MATERIAL PROVIDED
****************************************

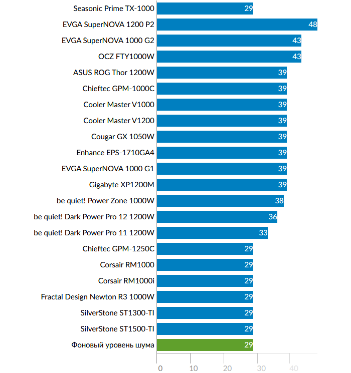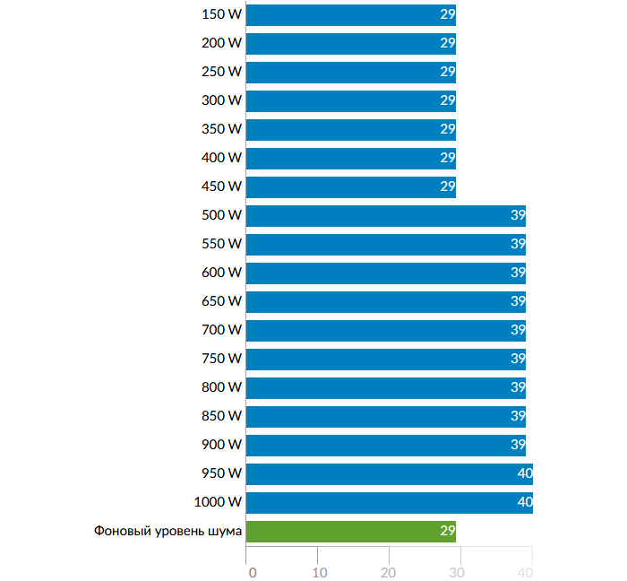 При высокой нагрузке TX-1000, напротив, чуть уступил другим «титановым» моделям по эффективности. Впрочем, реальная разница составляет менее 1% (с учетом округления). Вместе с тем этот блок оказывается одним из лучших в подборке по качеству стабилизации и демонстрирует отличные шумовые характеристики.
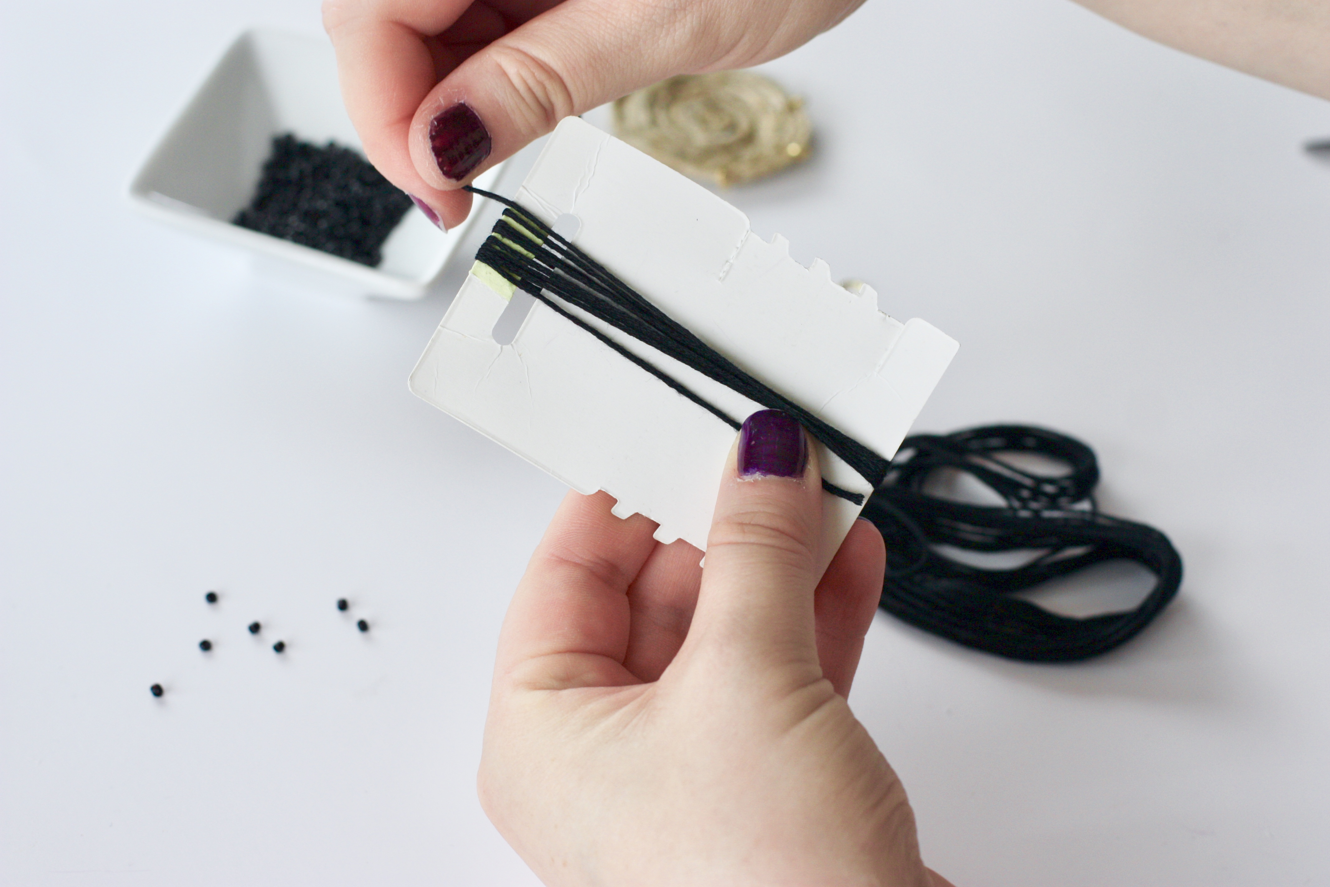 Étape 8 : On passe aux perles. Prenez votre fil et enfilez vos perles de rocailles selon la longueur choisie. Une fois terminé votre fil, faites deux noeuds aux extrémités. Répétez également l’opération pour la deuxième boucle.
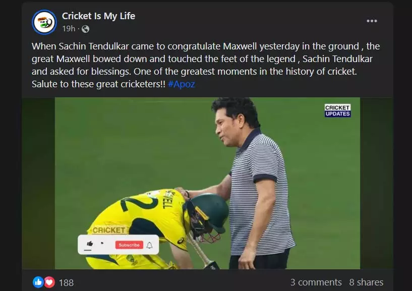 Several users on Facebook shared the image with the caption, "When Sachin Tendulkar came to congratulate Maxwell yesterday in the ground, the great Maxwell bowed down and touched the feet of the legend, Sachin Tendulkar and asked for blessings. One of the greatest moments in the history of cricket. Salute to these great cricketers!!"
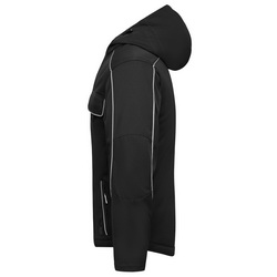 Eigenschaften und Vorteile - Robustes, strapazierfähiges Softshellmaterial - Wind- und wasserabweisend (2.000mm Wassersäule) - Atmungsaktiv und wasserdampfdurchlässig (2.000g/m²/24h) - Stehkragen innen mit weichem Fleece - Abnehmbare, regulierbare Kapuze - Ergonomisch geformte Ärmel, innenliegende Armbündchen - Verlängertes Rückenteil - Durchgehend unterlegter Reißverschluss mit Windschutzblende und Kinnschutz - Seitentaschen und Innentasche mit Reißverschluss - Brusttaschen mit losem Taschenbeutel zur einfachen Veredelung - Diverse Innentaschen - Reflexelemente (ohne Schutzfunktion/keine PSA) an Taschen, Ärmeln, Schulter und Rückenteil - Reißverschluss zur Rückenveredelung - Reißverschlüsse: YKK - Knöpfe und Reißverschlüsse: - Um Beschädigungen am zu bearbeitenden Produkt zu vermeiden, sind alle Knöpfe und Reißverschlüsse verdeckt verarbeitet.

****************************************

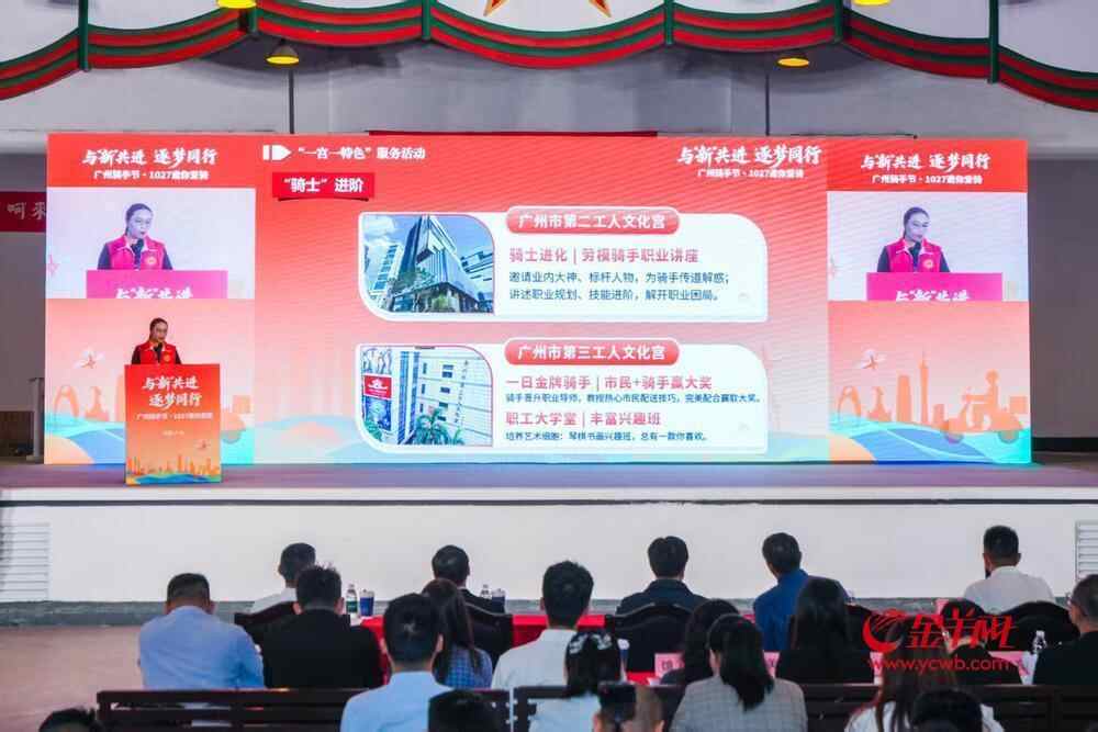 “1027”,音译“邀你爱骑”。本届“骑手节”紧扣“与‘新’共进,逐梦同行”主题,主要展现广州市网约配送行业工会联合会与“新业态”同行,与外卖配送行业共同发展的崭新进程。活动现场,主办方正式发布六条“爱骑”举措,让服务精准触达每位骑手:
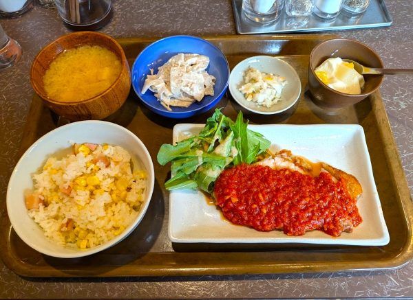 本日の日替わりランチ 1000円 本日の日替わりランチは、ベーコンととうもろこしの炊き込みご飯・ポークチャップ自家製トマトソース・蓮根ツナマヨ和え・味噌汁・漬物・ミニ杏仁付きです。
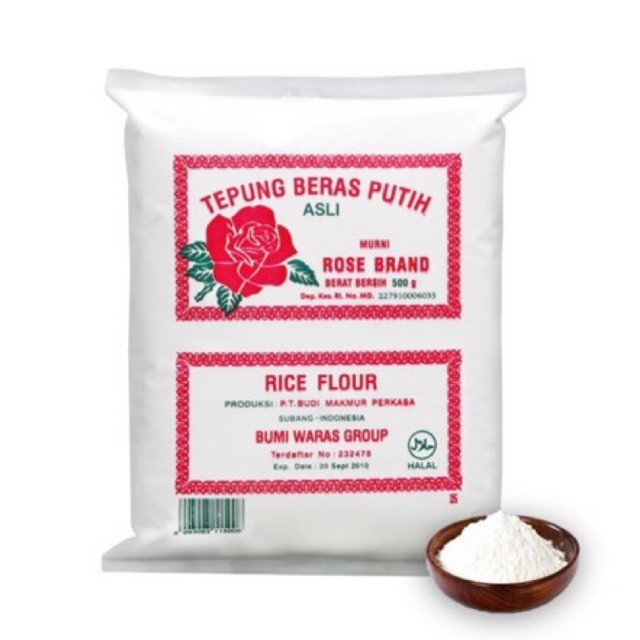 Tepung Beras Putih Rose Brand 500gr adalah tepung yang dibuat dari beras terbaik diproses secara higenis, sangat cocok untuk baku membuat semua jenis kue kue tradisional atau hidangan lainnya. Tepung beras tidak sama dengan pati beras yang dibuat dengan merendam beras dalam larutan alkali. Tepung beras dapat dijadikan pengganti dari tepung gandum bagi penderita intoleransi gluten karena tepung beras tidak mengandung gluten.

****************************************

What you return from the records above should be exactly everything from the line with "Several users on" down to the line with "Eigenschaften und Vorteile", both kept, and no pictures.

RESPONSE BOX
 Several users on Facebook shared the image with the caption, "When Sachin Tendulkar came to congratulate Maxwell yesterday in the ground, the great Maxwell bowed down and touched the feet of the legend, Sachin Tendulkar and asked for blessings. One of the greatest moments in the history of cricket. Salute to these great cricketers!!"
 Eigenschaften und Vorteile - Robustes, strapazierfähiges Softshellmaterial - Wind- und wasserabweisend (2.000mm Wassersäule) - Atmungsaktiv und wasserdampfdurchlässig (2.000g/m²/24h) - Stehkragen innen mit weichem Fleece - Abnehmbare, regulierbare Kapuze - Ergonomisch geformte Ärmel, innenliegende Armbündchen - Verlängertes Rückenteil - Durchgehend unterlegter Reißverschluss mit Windschutzblende und Kinnschutz - Seitentaschen und Innentasche mit Reißverschluss - Brusttaschen mit losem Taschenbeutel zur einfachen Veredelung - Diverse Innentaschen - Reflexelemente (ohne Schutzfunktion/keine PSA) an Taschen, Ärmeln, Schulter und Rückenteil - Reißverschluss zur Rückenveredelung - Reißverschlüsse: YKK - Knöpfe und Reißverschlüsse: - Um Beschädigungen am zu bearbeitenden Produkt zu vermeiden, sind alle Knöpfe und Reißverschlüsse verdeckt verarbeitet.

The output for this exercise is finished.